_WORK TO COMPLETE_
Your output should be everything below from the line containing "Cream Wool Collar Leash Bowtie" down to the line containing "しかし、雨となり、運動場で活動する屋外スポーツクラブは、撮影延期となりました。", both ends included, copied exactly, with pictures left out.

====== DATA PROVIDED

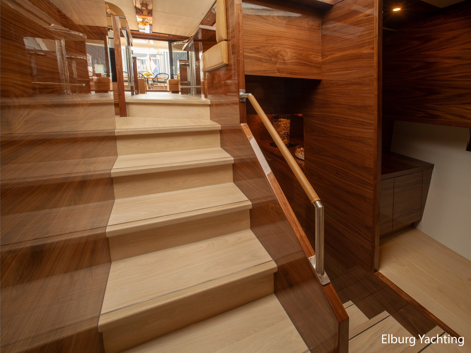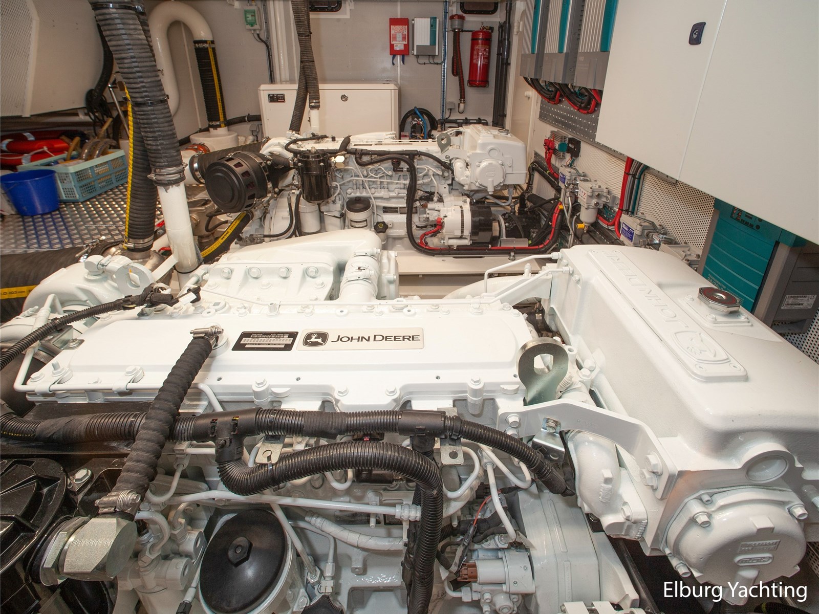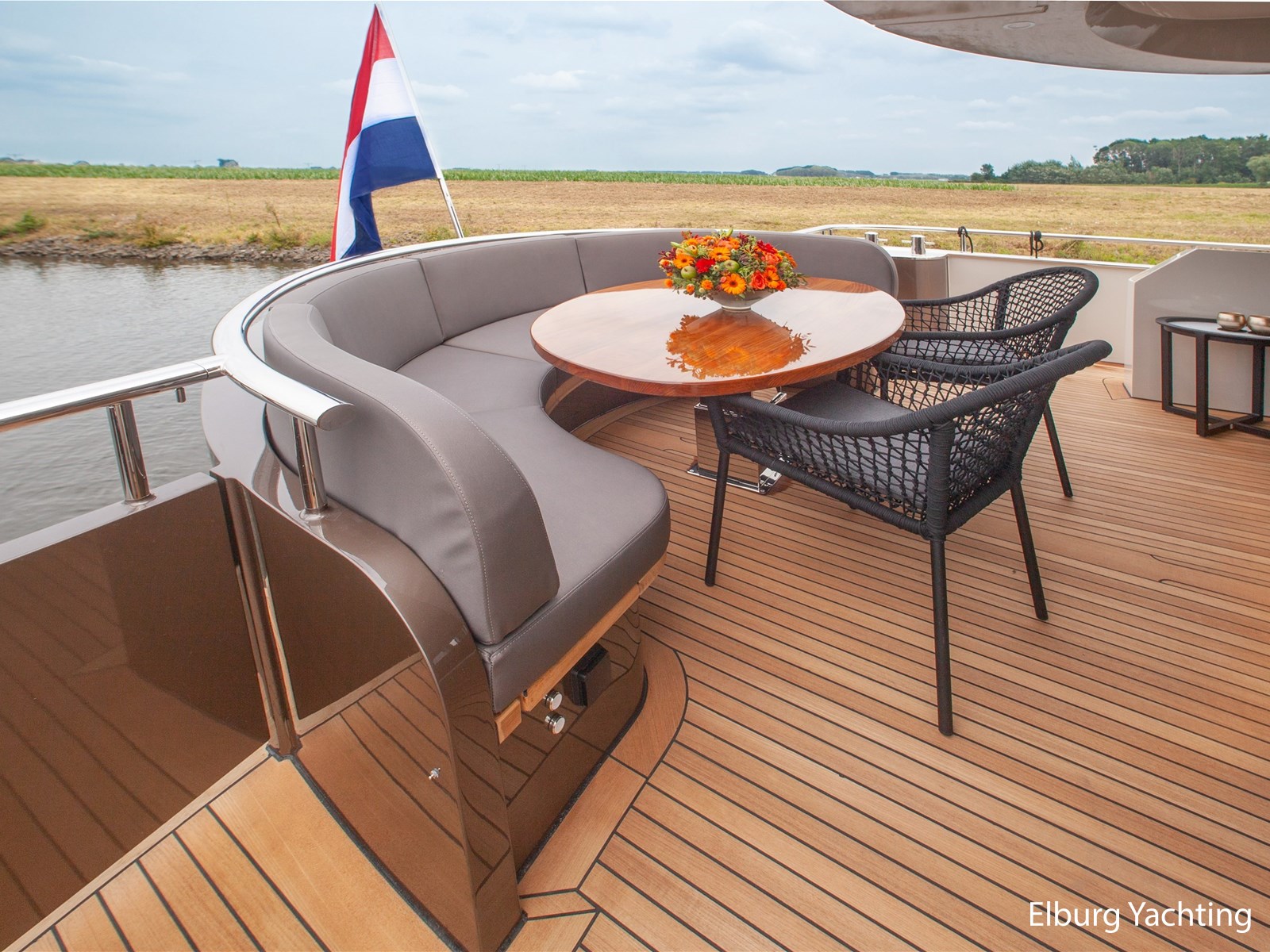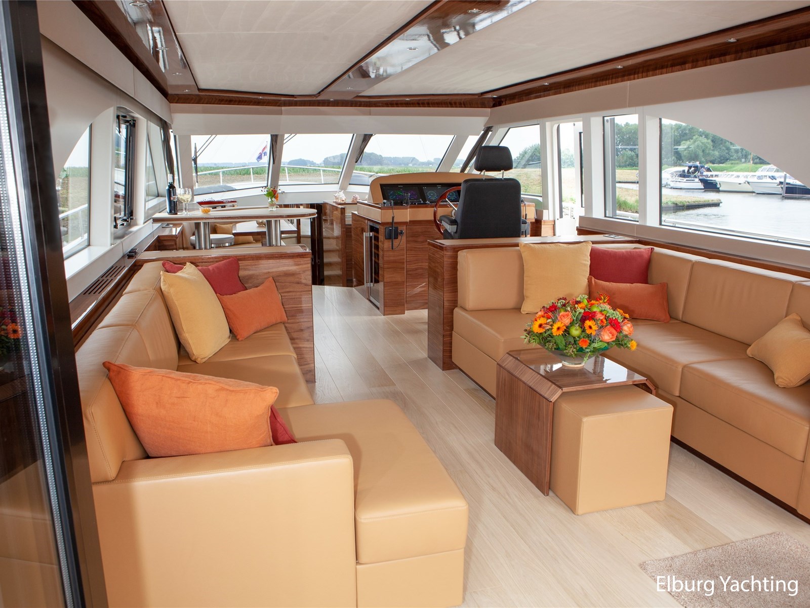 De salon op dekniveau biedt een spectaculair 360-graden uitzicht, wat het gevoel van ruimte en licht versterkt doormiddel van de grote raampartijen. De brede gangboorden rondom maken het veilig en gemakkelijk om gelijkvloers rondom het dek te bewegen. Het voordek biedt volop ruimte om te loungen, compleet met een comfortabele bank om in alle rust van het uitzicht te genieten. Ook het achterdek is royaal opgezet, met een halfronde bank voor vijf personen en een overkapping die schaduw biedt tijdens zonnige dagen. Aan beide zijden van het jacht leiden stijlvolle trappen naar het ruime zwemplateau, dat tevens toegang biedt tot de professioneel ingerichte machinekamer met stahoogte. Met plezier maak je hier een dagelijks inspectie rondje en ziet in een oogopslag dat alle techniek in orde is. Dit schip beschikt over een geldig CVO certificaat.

============
====== DATA PROVIDED

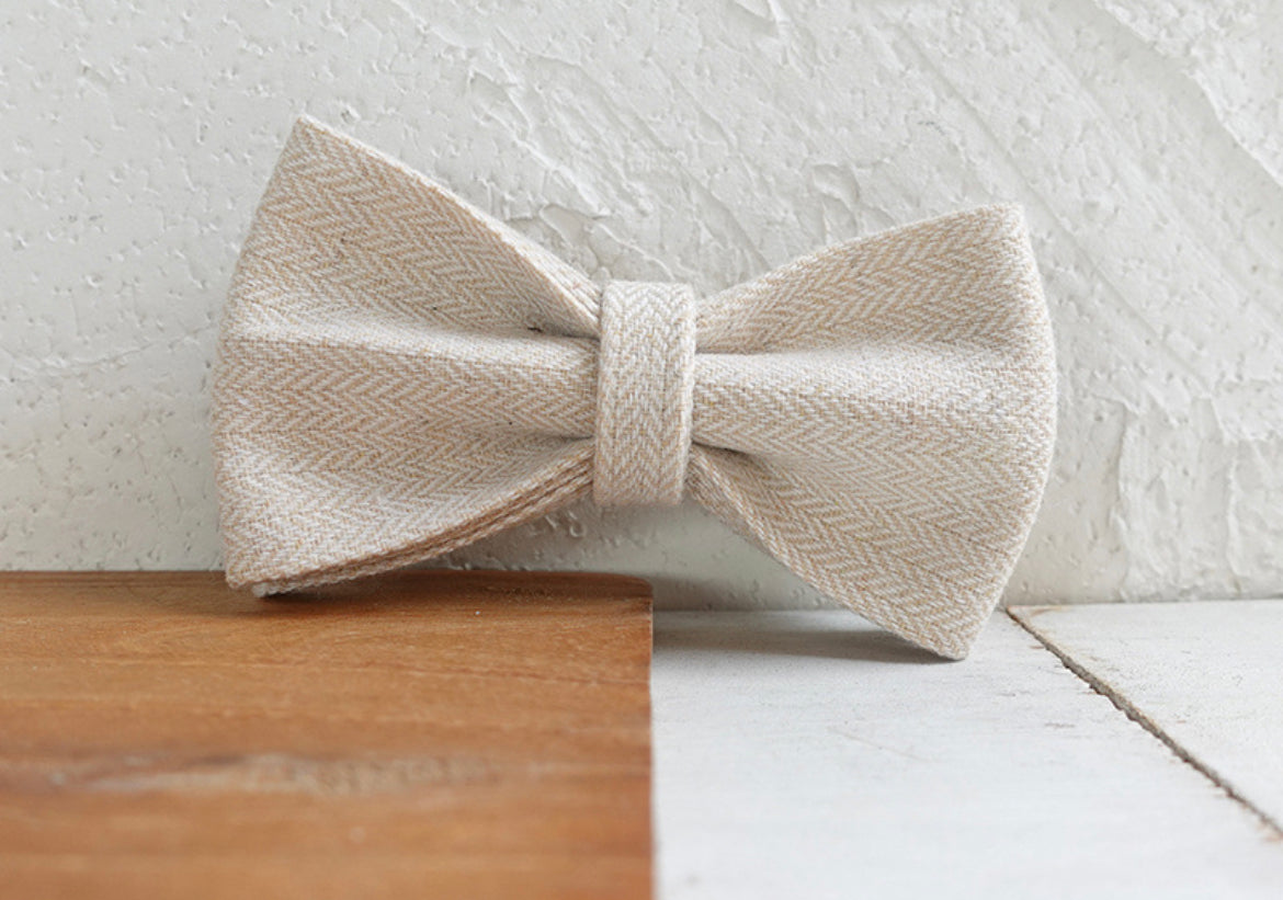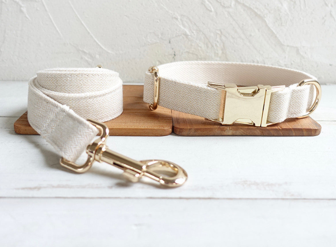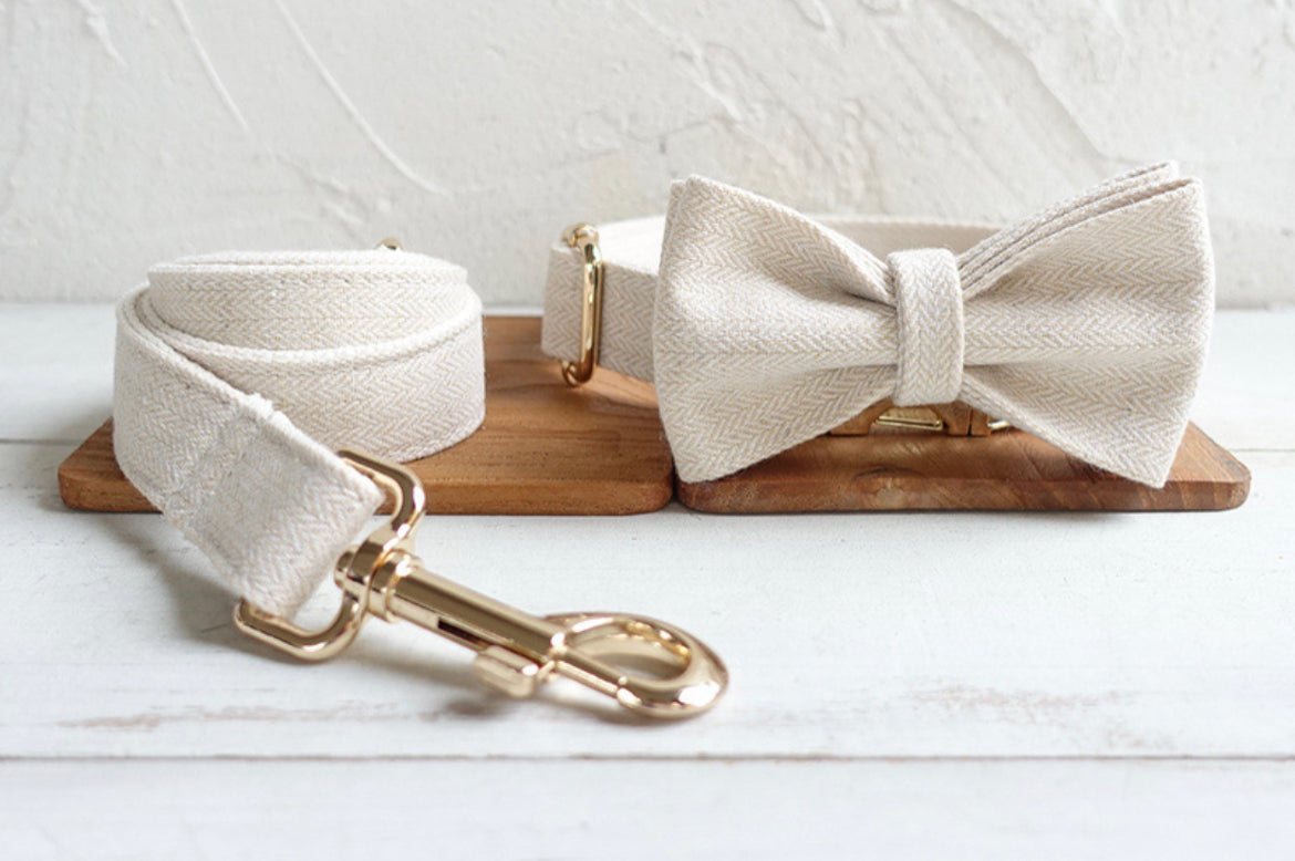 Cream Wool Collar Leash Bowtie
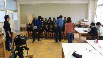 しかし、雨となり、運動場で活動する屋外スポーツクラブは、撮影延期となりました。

============

_WRITTEN REPLY_
 Cream Wool Collar Leash Bowtie
 しかし、雨となり、運動場で活動する屋外スポーツクラブは、撮影延期となりました。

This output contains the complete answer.